New Hampshire's famous Beaulieu River is one of the few private waterways in the world and has a rich maritime history

New Hampshire’s famous Beaulieu River is one of the few private waterways in the world and has a rich maritime history

The Hoyles rejected two applications, but submitted their latest application to an appeals committee.

But the planning committee threw it away after the third reading.

An inspector report said that “the site has a strikingly green and tranquil character” and “is in one of the darkest locations according to CPRE dark skies mapping information”.

It added that the house would stand out in relation to ‘the wider landscape and its impact on the rural tranquility and dark skies associated with the site’.

The report states: ‘The site is in a particularly prominent position along the river, close to a sharp bend… It is clearly visible in the view from the river.

†[The plans] would introduce a very large number of new external artificial lighting to the attraction site in conjunction with the new roof terraces, stair accesses, garden paths, outbuildings, swimming pool and parking area, each of which would result in an element of light washing.

‘This in itself has an urbanizing impact on the job site.

‘Such lighting, much of which is in an elevated position, and the associated use of the raised terraces outside, would together affect the peaceful character of the attractive place, both through light pollution and noise pollution.

‘It has not been sufficiently demonstrated that the notice of objection would not cause significant damage to the character and appearance of the area.

‘It would therefore be in conflict with’ [local policies which] seeking to ensure that new development meets the highest standards of new design, which preserves and enhances the New Forest landscape and local character and distinctiveness.

†[It would be contrary to local policies which] protects the landscape environment, including appropriate design, layout, mass and scale, and the avoidance of artificial lighting from eroding rural darkness and tranquility and gradual suburbanization effects within the National Park.’

However, according to Mr. and Mrs. Hoyle's plans, they would demolish a 1960s property to replace it with a modern two-storey house, equipped with a central glass atrium, three wings and a 'very large' amount of artificial outdoor lighting.

However, according to Mr. and Mrs. Hoyle’s plans, they would demolish a 1960s property to replace it with a modern two-storey house, equipped with a central glass atrium, three wings and a ‘very large’ amount of artificial outdoor lighting.

An inspector's report said that 'the site has a striking green and tranquil character' and 'is in one of the darkest locations according to CPRE dark skies mapping information'.  Pictured: The proposed 'ultra-bright' mansion

An inspector’s report said that ‘the site has a striking green and tranquil character’ and ‘is in one of the darkest locations according to CPRE dark skies mapping information’. Pictured: The proposed ‘ultra-bright’ mansion

Beaulieu River’s ownership dates back to 1204, when King John was on the throne, and it has been owned by the Montagu family for four centuries.

The river has a rich maritime history and proved immensely important during the Napoleonic Wars, when it served as a major shipbuilding site, producing over 50 wooden ships for the Royal Navy.

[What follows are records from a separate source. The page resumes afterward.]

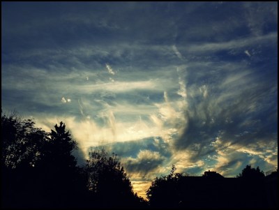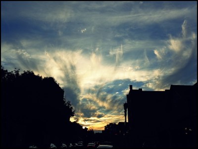 If you’ve been to this blog before then you know that I enjoy taking photos of the sky. And lately there have been many opportunities…there have been the craziest swirly cloud formations. I took the first two photos on my way home this evening, and then about twenty minutes later–as I left the house to go pickup some Chinese take out–I saw the below scene…it was as if the sky was on fire. Incredible.
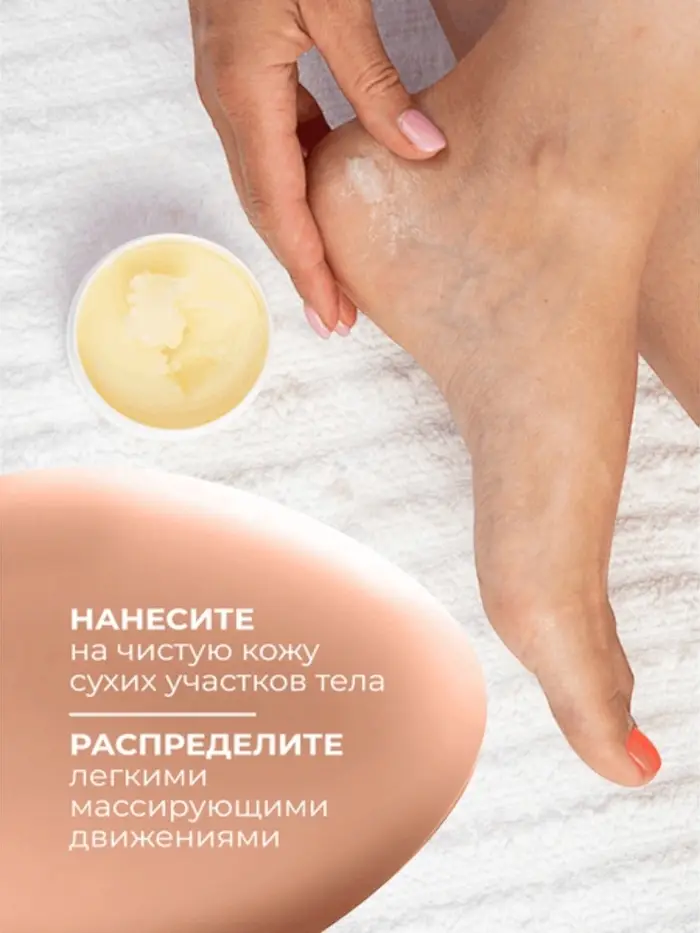 Восстанавливающий крем-воск от трещин подходит для нанесения на пятки и локти, а также для защиты кожи губ от ветра и холода.
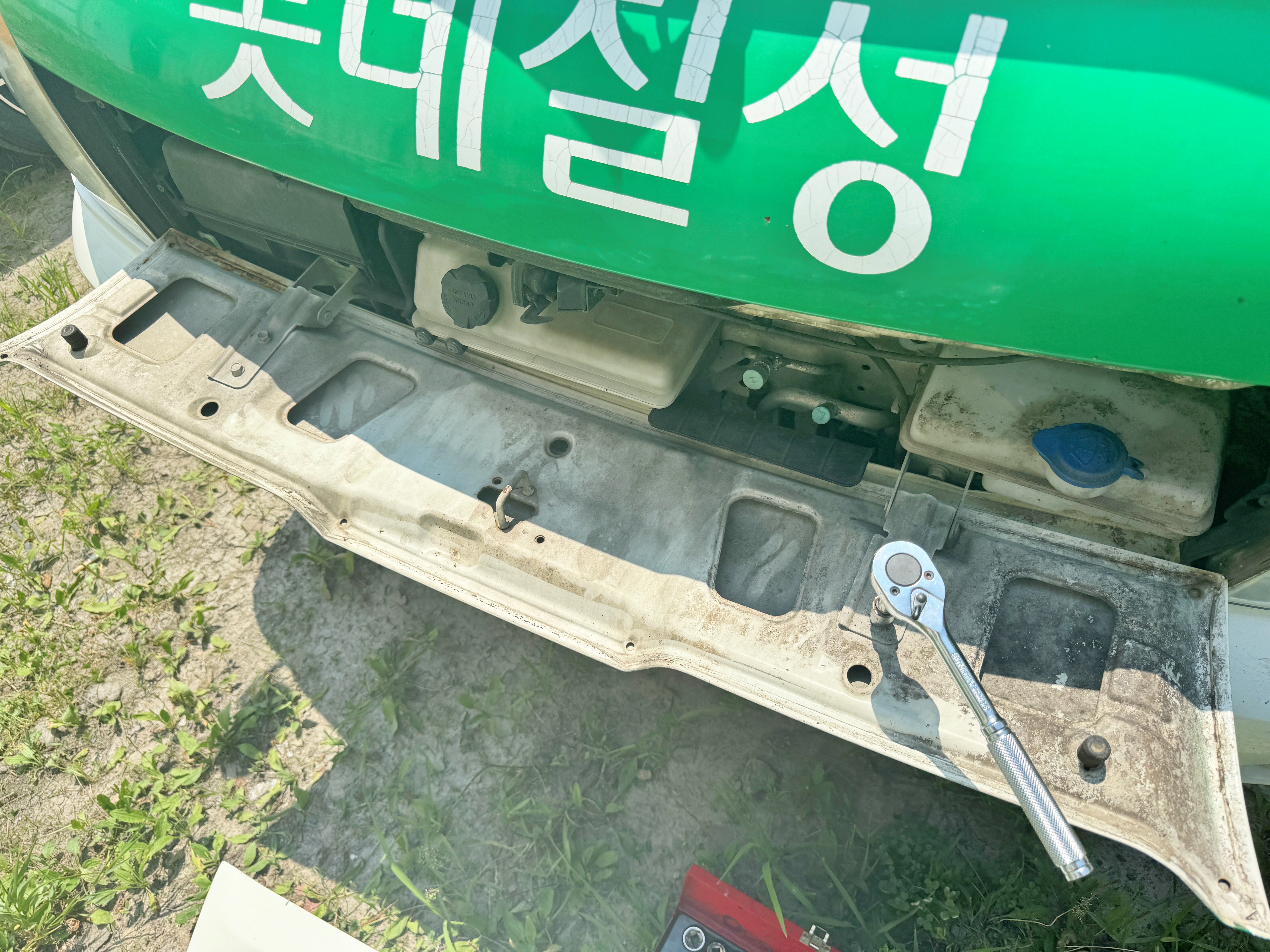 무교환으로 16년을 버텨왔던 본넷의 볼트를 풀어줍니다. 약간 유격이 생겨 운전석 헤드램프에 간섭이 있었던지라 새 본넷으로 교체하면 조금 더 나아지겠지라는 생각으로 무교환차를 교환차로 만들어 버립니다.
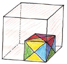 और सभी टुकड़ों को एक के अंदर एक जोड़कर एक घन बनेगा।
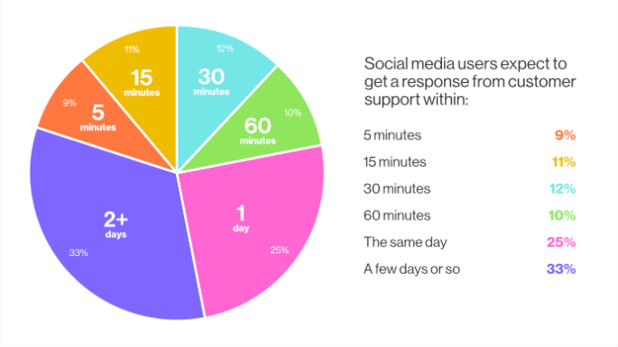 - Reply promptly on social media: Customers expect always-on support on social media channels like Facebook, Twitter, Linkedin. 42% of consumers expect a response on social media within 60 minutes. Your online customer support strategy should include quick replies to inquiries, reviews, and complaints.
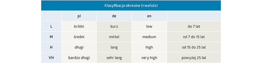 Część 1 „Ogólne wprowadzenie”. Pierwsza istotna zmiana to zmiana w zakresie okresu trwałości. Okres trwałości aktualnie został zdefiniowany w sposób pokazany w tabeli 1.

At Buckler’s Hard on the river, shipbuilder Henry Adams and his sons built ships that fought at the Battle of Trafalgar in 1805, including Agamemnon, Euryalus, and Swiftsure.

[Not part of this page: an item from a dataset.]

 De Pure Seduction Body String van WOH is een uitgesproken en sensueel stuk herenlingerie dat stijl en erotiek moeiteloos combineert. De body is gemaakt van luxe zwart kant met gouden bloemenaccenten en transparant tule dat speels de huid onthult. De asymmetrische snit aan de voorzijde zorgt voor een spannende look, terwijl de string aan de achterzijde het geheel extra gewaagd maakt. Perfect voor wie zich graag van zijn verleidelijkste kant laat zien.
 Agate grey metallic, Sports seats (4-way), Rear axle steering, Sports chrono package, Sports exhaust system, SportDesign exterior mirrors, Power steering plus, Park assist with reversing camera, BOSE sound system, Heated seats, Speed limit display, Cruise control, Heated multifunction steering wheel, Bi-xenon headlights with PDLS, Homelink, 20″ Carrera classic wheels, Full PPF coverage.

Lord Nelson declared HMS Agamemnon, nicknamed ‘Eggs and Bacon’, his favorite ship ever. The admiral served as captain for three years from 1793 and the combative ship was involved in many infamous wars.

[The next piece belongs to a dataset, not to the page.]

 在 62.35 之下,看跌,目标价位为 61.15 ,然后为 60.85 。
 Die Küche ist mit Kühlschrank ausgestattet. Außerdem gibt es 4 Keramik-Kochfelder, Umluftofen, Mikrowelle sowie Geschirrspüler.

During World War II, Buckler’s Hard on the river became an important torpedo base.

The famous Gipsy Moth IV, used by Sir Francis Chichester when he became the first person to sail alone around the world, occasionally straddles the Beaulieu River.

Mr. Hoyle, an IT expert, founded the driving simulation software rFpro in 2007. It is used by racing teams in Formula 1 and motorsport.

The company, based in Romsey, Hants – where the pair are from – was bought in 2019 by simulation company AB Dynamics for £18.1 million, with £3.5 million in conditional additions, and Mr Hoyle remained with the company to support as a non-executive director.